Thursday, July 20, 2017

Sabine Frühstück's "Playing War"

Sabine Frühstück is Professor of Modern Japanese Cultural Studies at the University of California, Santa Barbara. Her publications include Colonizing Sex: Sexology and Social Control in Modern Japan and Uneasy Warriors: Gender, Memory, and Popular Culture in the Japanese Army.

Frühstück applied the “Page 99 Test” to her new book, Playing War: Children and the Paradoxes of Modern Militarism in Japan, and reported the following:
Page 99 describes why contemporary Japanese critics hardly participate in the debate about militaristic and other violent video games and their impact on children’s cognition and behavior. Very briefly: it’s about the extremely low violent crime rate in Japan and about the low profile of its military forces. In the book at large, I interrogate how essentialist notions of childhood and militarism in Japan and, to some degree beyond, have been productively intertwined, how assumptions about childhood and war have converged, and how children and childhood have worked as symbolic constructions and powerful rhetorical tools—particularly in the decades between the nation- and empire-building efforts of the late nineteenth century and the uneven manifestations of globalization at the beginning of the twenty-first. The modern figure of the child has emerged from a set of contradictory assumptions about children: that children are innately attracted to war, and that they are exceptionally vulnerable to its violence. This concept of childhood has thus served as a trope of both innocence and immaturity and wildness and uncontrollability. Within this fused view, children have been variably thought of as being simultaneously in need of rescue, protection, guidance, control, and suppression.
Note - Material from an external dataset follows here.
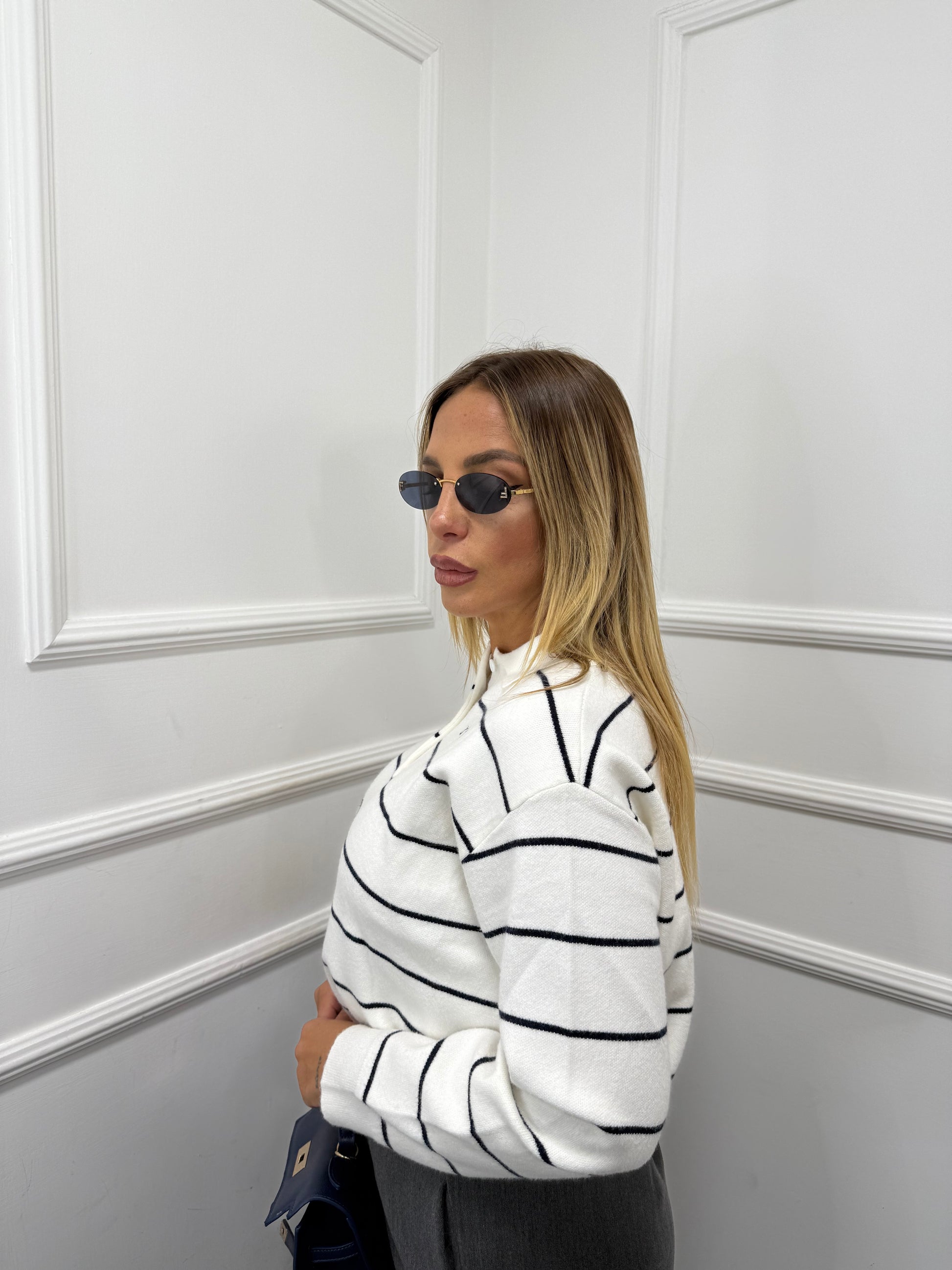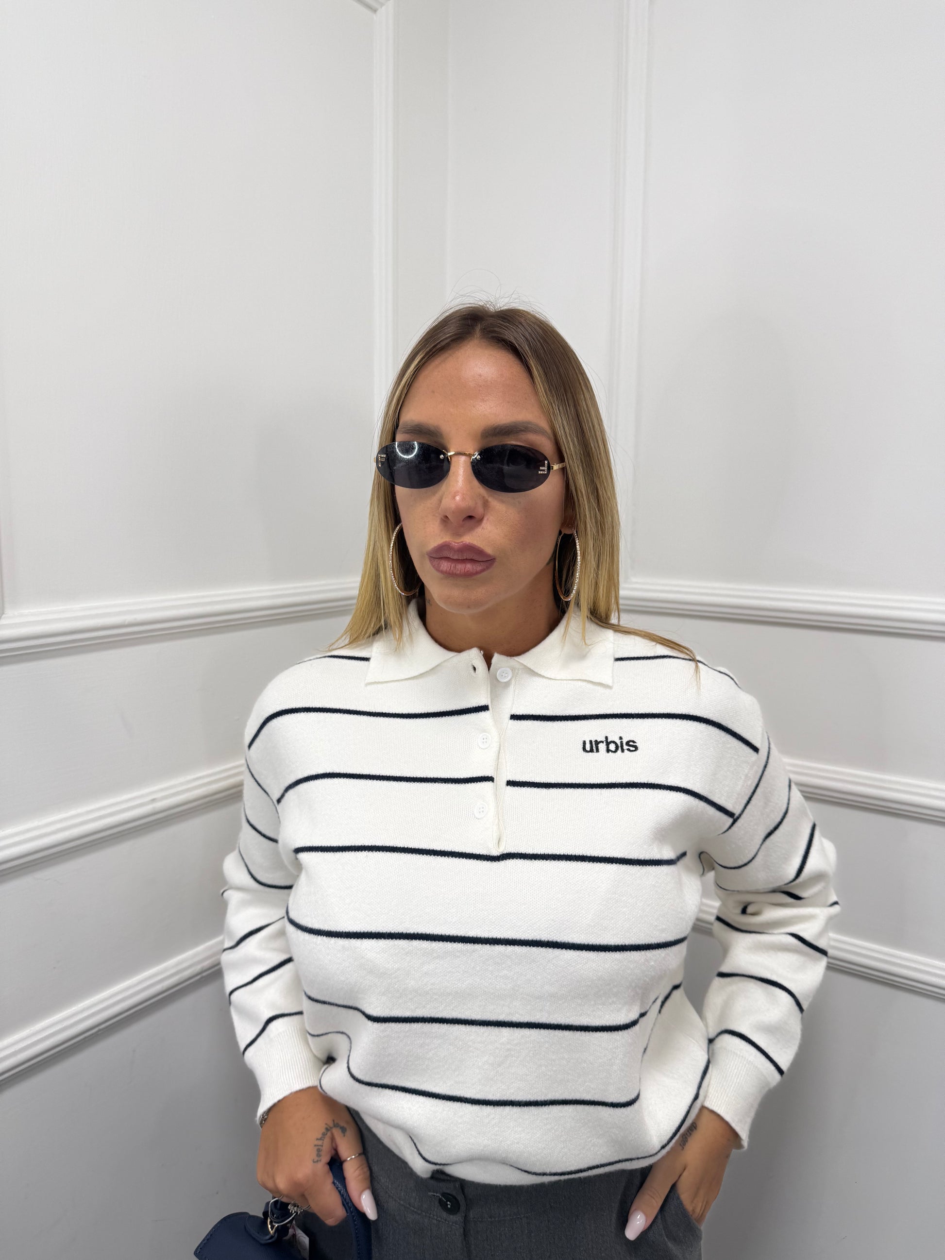 Polo a righe lana pettinata Urbis bianca/blu 93012

At one time, children’s bodies were close to the ground, playfully pursuing territorial advances, almost physically one with the soil. They were envisioned as ever-ready soldiers, constantly signaling that war is natural, inherently human, and indefinitely inevitable. At another time, children were seen as all innocence and as equipped with a pronounced moral authority that relies on that very innocence. As carriers of human emotions, children appeared as proof of the authenticity and naturalness of these emotions—and, finally, epitomized by their very (demographically speaking) disappearance, they functioned as signifier and representation of national decline. The book covers the time between Japan’s first modern wars of the late nineteenth century to our current moment. More than 40 images are incorporated in the analysis.